Do you really need a debit card?

In another post (See Lame Excuse #1), I use the story of Judas stealing from the disciples’ money bag to illustrate that fraud can take place in any church.  This week I found another Biblical example of this truth.  Luke, in Acts Chapter 5, recounts the sad story of Ananias and Sapphira.

In the story, this couple sells a piece of property and promises the church (and the Holy Spirit!) that the proceeds would be given to the congregation.  As it turns out, the couple comes up with a scheme to withhold some of the funds while making it appear they had given the whole amount to the church.  When confronted, both Ananias and Sapphira cover themselves by lying.

This week, in my routine “fraud news search”, I found a story with some similar characteristics.

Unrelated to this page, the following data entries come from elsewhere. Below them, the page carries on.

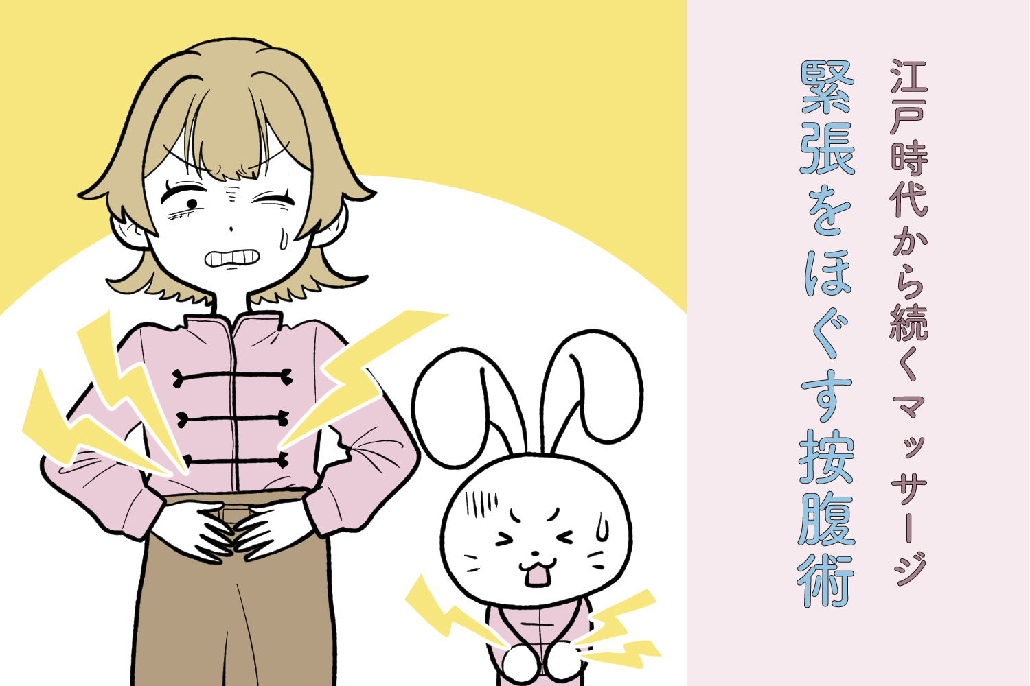 いつも緊張していて身体がガチガチ。気づくと便秘に悩まされている……。そんな人は、もしかしたらお腹が硬い状態かもしれません。今回は身体の状態を知る上で重要なお腹に注目! 身体と心を緩める「按腹術」も教えてもらいます。レクチャーしてくれるのは、鍼灸院「アキュサリュート高輪」の院長・瀬尾港二先生。イラストはお笑いコンビ蛙亭の中野周平さんです。
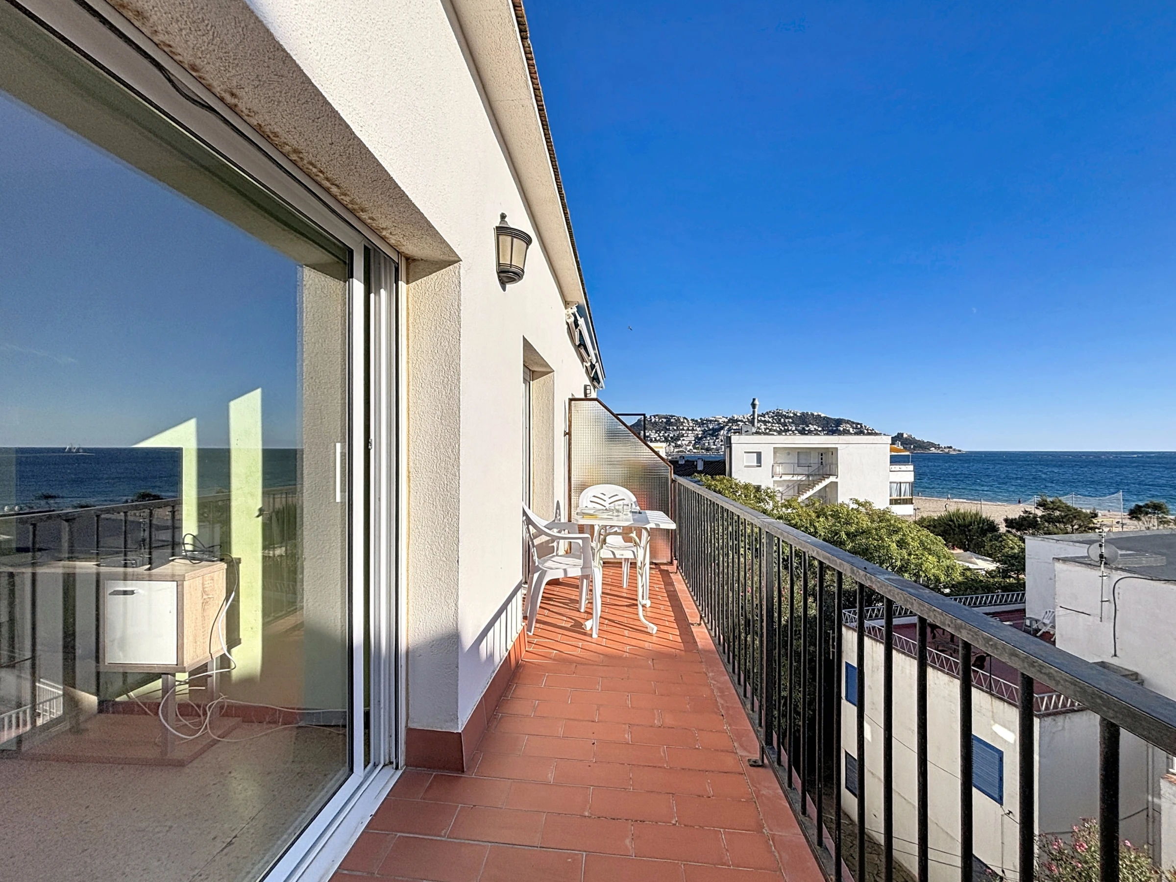 Genießen Sie eine große Terrasse mit Panoramablick aufs Meer — perfekt für Mahlzeiten im Freien oder zum Bewundern von Sonnenuntergängen.
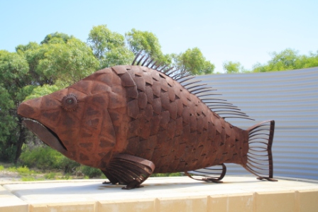 Another brilliant animal sculpture is in Cervantes WA. This big fish sculpture acknowledges the importance of fishing in the town (a big lobster industry thrives here) and also to remind everyone to conserve fish stocks and appreciate the environment. It was designed and constructed by Murray Ford from local recycled agricultural materials. Another unmissable entrance to a town.
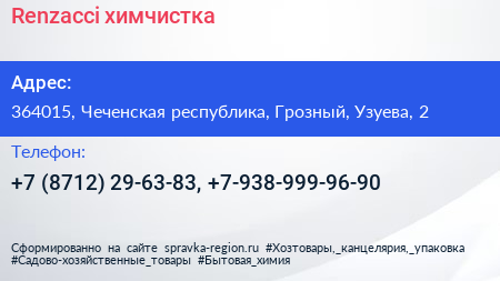Renzacci, химчистка по адресу 364015, Чеченская республика, Грозный, Узуева, 2 в дальнейшем Организация, размещена в следующих категориях:
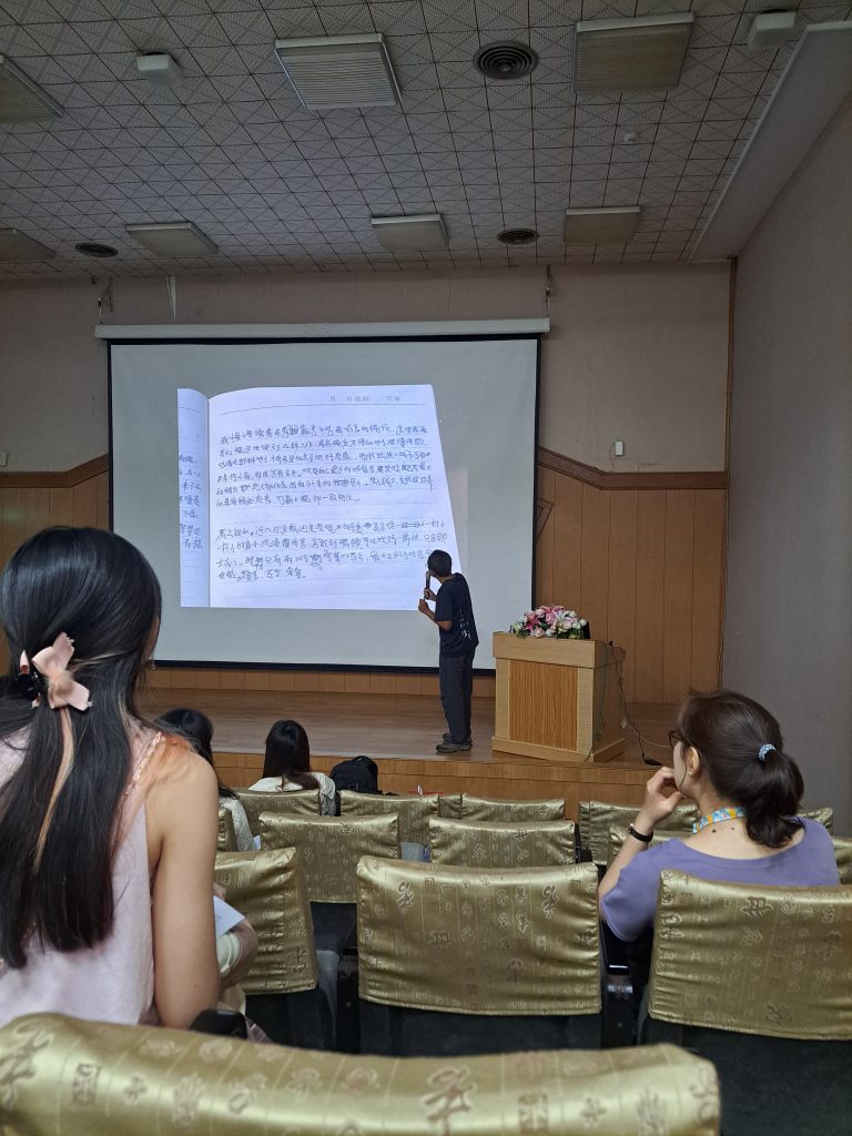 第一晚才剛泡好泡麵加入大家的夜聊,便迎來了自我介紹環節,讓我這 I 人好生尷尬。以往線上課結束後也有聊聊時段,我們都戲稱那是洗碗時間,把洗碗時間從線上的陪伴搬到現實生活中,一群人坐成一個圓,一起討論文學、分享各自的易感和探討關於生命的疑惑,有一種文人的浪漫氛圍。有些人會在夜談結束後,留下來請達陽指導文章,而達陽總是耐心的閱讀並給予回饋。
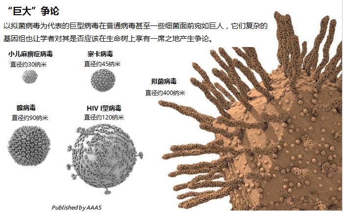 一般的病毒非常的小(直径大约30-150 纳米,是细菌的十分之一左右),通常只有几个到几百个基因(作为对比,肺炎双球菌有大约2300个基因,人类有大约2.5万个基因)。而拟菌病毒直径超过400纳米,拥有2500个基因。单就数据而言,拟菌病毒的这两方面可是超过不少微生物。自此,越来越多类似的巨型病毒被发现,包括比较有名的潘多拉病毒和阔口罐病毒。更为重要的是,这些巨型病毒拥有蛋白质合成相关的基因,而蛋白质合成可是生命形态的标志之一,这引起科学家们对病毒起源问题的兴趣。
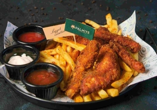 PATATES KIZARTMASI 200 GR , TAVUK GÖĞSÜ 150 GR , GALETA UNU , MISIR GEVREĞİ , YUMURTA , SWEET CHİLİ SOS , KETÇAP , MAYONEZ , KARABİBER

Former Church Treasurer Charged…

Did you notice that this treasurer essentially did the same two things Ananias and Sapphira did. She stole money from the church and then lied about it by “doctoring” the books.

What can a church do to avoid such a fate? Here are two observations:

The fact that the fraud was not discovered until a new treasurer took over implies that no one, other than the treasurer, ever looked at the accounting records.  The church was violating the basic accounting philosophy of adequate segregation of duties. Lack of involvement by others made it easy for the treasurer to steal, and then doctor the records to cover her tracks.  Something as simple as having someone other than the treasurer reconcile the bank account monthly might have been enough to prevent the thefts.

Second, I have never been convinced that debit cards are all that useful in the church world.  Sure they are efficient, but a debit card (and his close relative, the credit card) can completely circumvent the best bill approval and payment systems.  If a church insists that it must have cards, by all means adopt a credit card use policy to govern their use.